§ **EXERCISE DIRECTIONS**
Your answer should be the lines below from the one with "A scarce antique" to the one with "With this, we", both included, given again exactly and with nothing added.

§ **EXTRACTED ENTRIES**
══════════════════════════════
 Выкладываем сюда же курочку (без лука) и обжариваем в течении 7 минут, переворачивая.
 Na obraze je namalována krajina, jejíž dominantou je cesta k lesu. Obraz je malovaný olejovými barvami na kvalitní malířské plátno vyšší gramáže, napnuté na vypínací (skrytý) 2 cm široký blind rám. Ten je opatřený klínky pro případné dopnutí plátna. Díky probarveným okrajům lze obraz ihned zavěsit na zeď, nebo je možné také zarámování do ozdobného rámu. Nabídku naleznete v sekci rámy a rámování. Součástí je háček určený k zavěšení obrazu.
══════════════════════════════
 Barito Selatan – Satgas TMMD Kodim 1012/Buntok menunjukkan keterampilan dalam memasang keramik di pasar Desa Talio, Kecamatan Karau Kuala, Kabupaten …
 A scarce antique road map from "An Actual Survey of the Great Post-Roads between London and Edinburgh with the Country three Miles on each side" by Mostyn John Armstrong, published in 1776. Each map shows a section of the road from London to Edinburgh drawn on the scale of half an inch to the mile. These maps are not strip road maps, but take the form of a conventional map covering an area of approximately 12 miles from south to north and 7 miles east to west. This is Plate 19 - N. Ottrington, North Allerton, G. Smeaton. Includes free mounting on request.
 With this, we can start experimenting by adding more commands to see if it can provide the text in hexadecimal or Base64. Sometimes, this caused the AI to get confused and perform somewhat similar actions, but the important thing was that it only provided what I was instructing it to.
══════════════════════════════
§ **TASK SOLUTION**
 A scarce antique road map from "An Actual Survey of the Great Post-Roads between London and Edinburgh with the Country three Miles on each side" by Mostyn John Armstrong, published in 1776. Each map shows a section of the road from London to Edinburgh drawn on the scale of half an inch to the mile. These maps are not strip road maps, but take the form of a conventional map covering an area of approximately 12 miles from south to north and 7 miles east to west. This is Plate 19 - N. Ottrington, North Allerton, G. Smeaton. Includes free mounting on request.
 With this, we can start experimenting by adding more commands to see if it can provide the text in hexadecimal or Base64. Sometimes, this caused the AI to get confused and perform somewhat similar actions, but the important thing was that it only provided what I was instructing it to.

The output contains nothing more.